* [Try it]: Transcribe the data verbatim and drop its images.

** Opening Data section block **

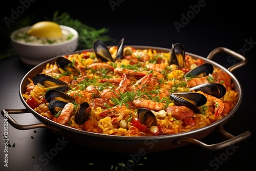paella, seafood, herb, rice, lemon, dish, cookery, food, meal, ingredient, receipe, table, eatery, invite, season, healthy, fresh, background, friendship, spanish, artful, savour, cater, family, oil, olive, colourful, garnish, stir, simmer, event, platter, dark, serve, mussel, delicious, garlic, choice, accessing, scallop, nourishment, favor, texture, eatery, epicure, luxury, clam, pepper
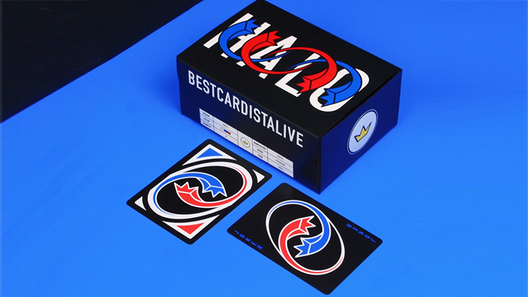 Striking all-black design. This amazing deck features our HALO silhouette vibrant red/blue pips and simplified Court cards. Perfect for cardistry!
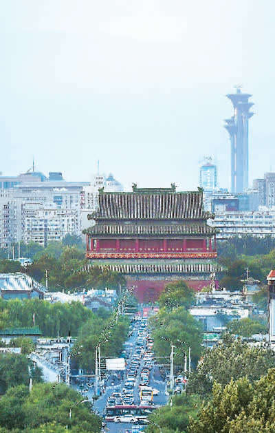 位于北京中轴线上的鼓楼。新华社记者 鞠焕宗摄
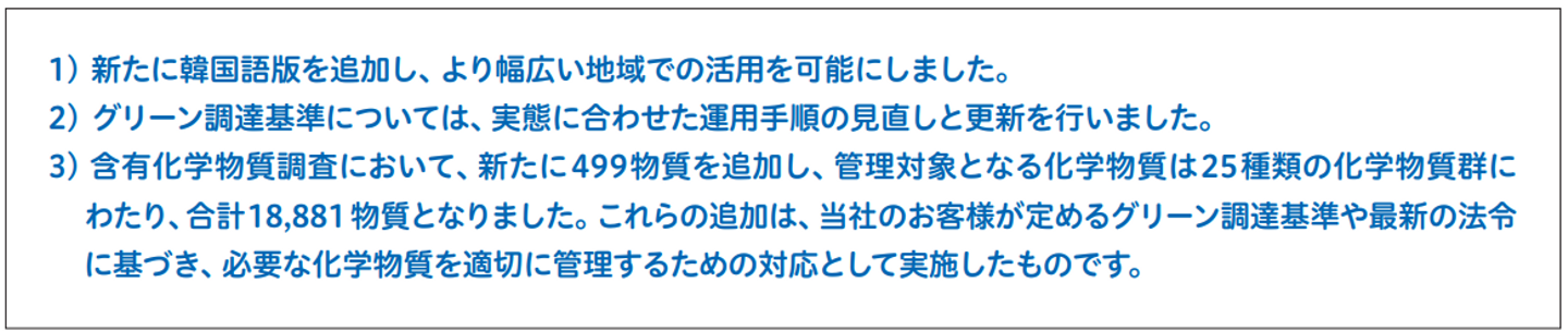 2024年9月に、当社グループグリーン調達基準の第10 版を発行しました。 本改訂では、以下の点を更新しました。
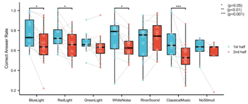 脳波信号の研究は数多くなされていますが、本研究は、集中を維持する方法を明らかにすることを目的として、視覚や聴覚などの異なるタイプの単一モーダル刺激の影響を特に複数回のテストを実施した場合で比較検証しました。今回、環境光よりも、背景音、特に聴覚刺激であるRiver Soundが、正答率を維持する影響があることが分かりました。人と環境の関係はまだ十分明らかになっているとは言い切れず、様々な評価を通して人の適応状態や感情を明らかにすることは重要な意義があります。引き続き、我々は社会に貢献する研究開発を推進していきます。
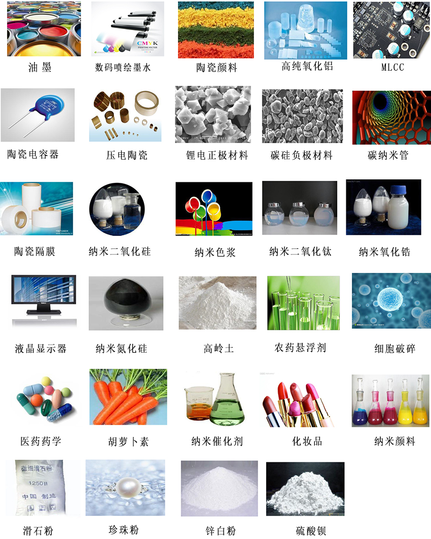 陶瓷材料、電池材料、數(shù)碼噴墨、高性能涂料、制藥等領(lǐng)域的研究與測試
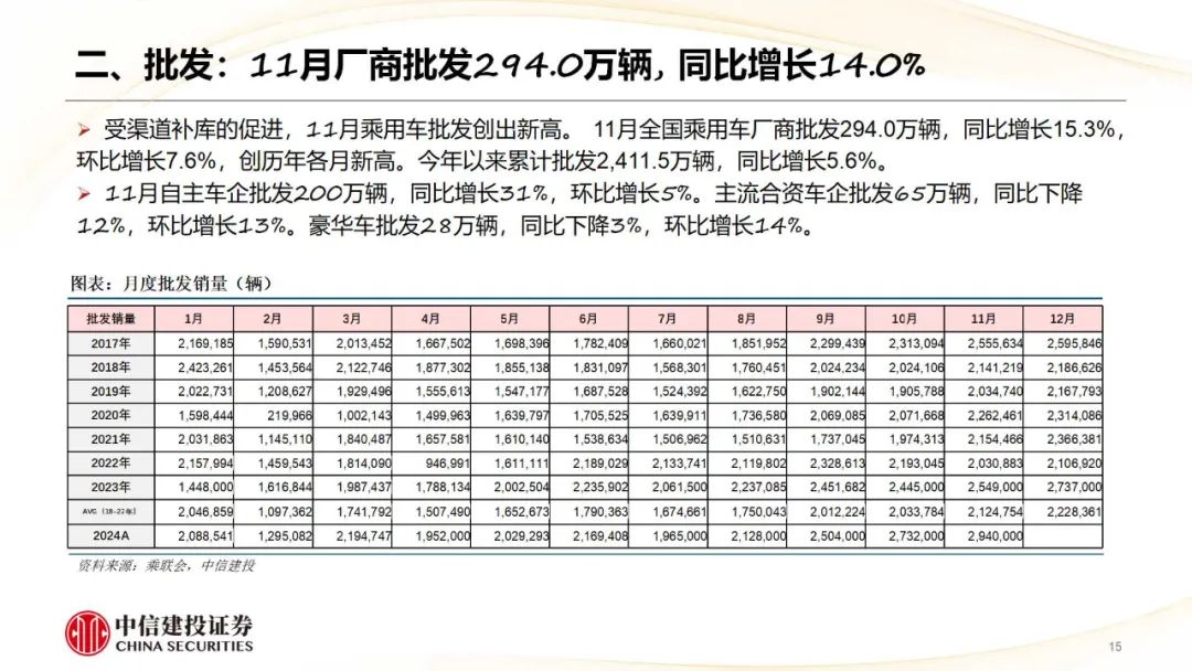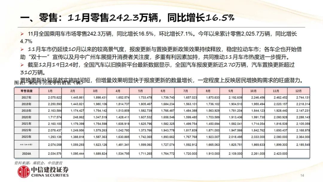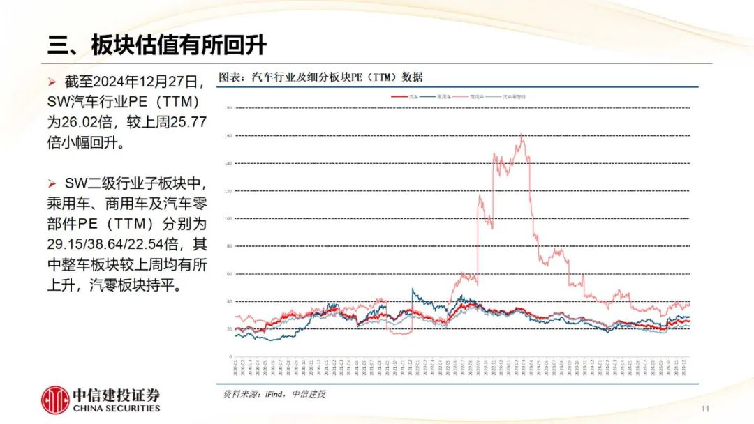 乘用车:12月23日,本田和日产签署包涵备忘录,认真运转磨灭谈判,后续六个月内将接头磨灭为一家控股公司,预测将于2025年6月签署最终条约,2026年8月完成磨灭。磨灭后的新控股公司将成为群众销量第三大汽车制造商。12月25日-27日,设想汽车联结三天推出“2024设想 AI Talk”,共享了对AI的最新念念考以及智能驾驶、设想同学等AI时间的最新发达,并通知基于自研基座大模子Mind GPT的设想同学从车机进动手机,及OTA 7.0版块车机系统将于12月底推送AD Max用户等现实。现一样点下,看好定位主流市集(补贴弹性大)、新动力占比高(补贴金额高)、华为系干线。
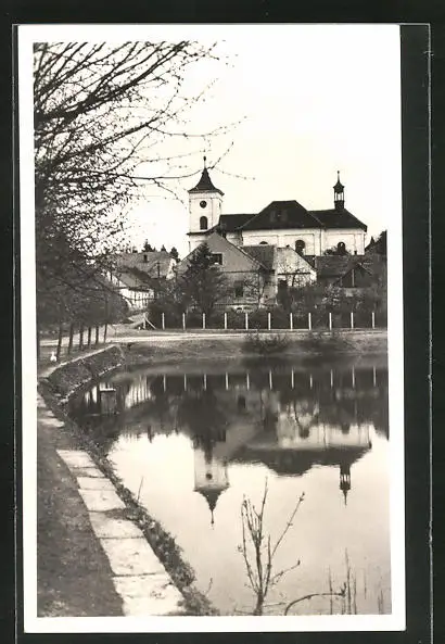 AK Hochwesseln, Blick zur Kirche vom Teich aus

** Closing Data section block **

* [Task answer]:
paella, seafood, herb, rice, lemon, dish, cookery, food, meal, ingredient, receipe, table, eatery, invite, season, healthy, fresh, background, friendship, spanish, artful, savour, cater, family, oil, olive, colourful, garnish, stir, simmer, event, platter, dark, serve, mussel, delicious, garlic, choice, accessing, scallop, nourishment, favor, texture, eatery, epicure, luxury, clam, pepper
 Striking all-black design. This amazing deck features our HALO silhouette vibrant red/blue pips and simplified Court cards. Perfect for cardistry!
 位于北京中轴线上的鼓楼。新华社记者 鞠焕宗摄
 2024年9月に、当社グループグリーン調達基準の第10 版を発行しました。 本改訂では、以下の点を更新しました。
 脳波信号の研究は数多くなされていますが、本研究は、集中を維持する方法を明らかにすることを目的として、視覚や聴覚などの異なるタイプの単一モーダル刺激の影響を特に複数回のテストを実施した場合で比較検証しました。今回、環境光よりも、背景音、特に聴覚刺激であるRiver Soundが、正答率を維持する影響があることが分かりました。人と環境の関係はまだ十分明らかになっているとは言い切れず、様々な評価を通して人の適応状態や感情を明らかにすることは重要な意義があります。引き続き、我々は社会に貢献する研究開発を推進していきます。
 陶瓷材料、電池材料、數(shù)碼噴墨、高性能涂料、制藥等領(lǐng)域的研究與測試
 乘用车:12月23日,本田和日产签署包涵备忘录,认真运转磨灭谈判,后续六个月内将接头磨灭为一家控股公司,预测将于2025年6月签署最终条约,2026年8月完成磨灭。磨灭后的新控股公司将成为群众销量第三大汽车制造商。12月25日-27日,设想汽车联结三天推出“2024设想 AI Talk”,共享了对AI的最新念念考以及智能驾驶、设想同学等AI时间的最新发达,并通知基于自研基座大模子Mind GPT的设想同学从车机进动手机,及OTA 7.0版块车机系统将于12月底推送AD Max用户等现实。现一样点下,看好定位主流市集(补贴弹性大)、新动力占比高(补贴金额高)、华为系干线。
 AK Hochwesseln, Blick zur Kirche vom Teich aus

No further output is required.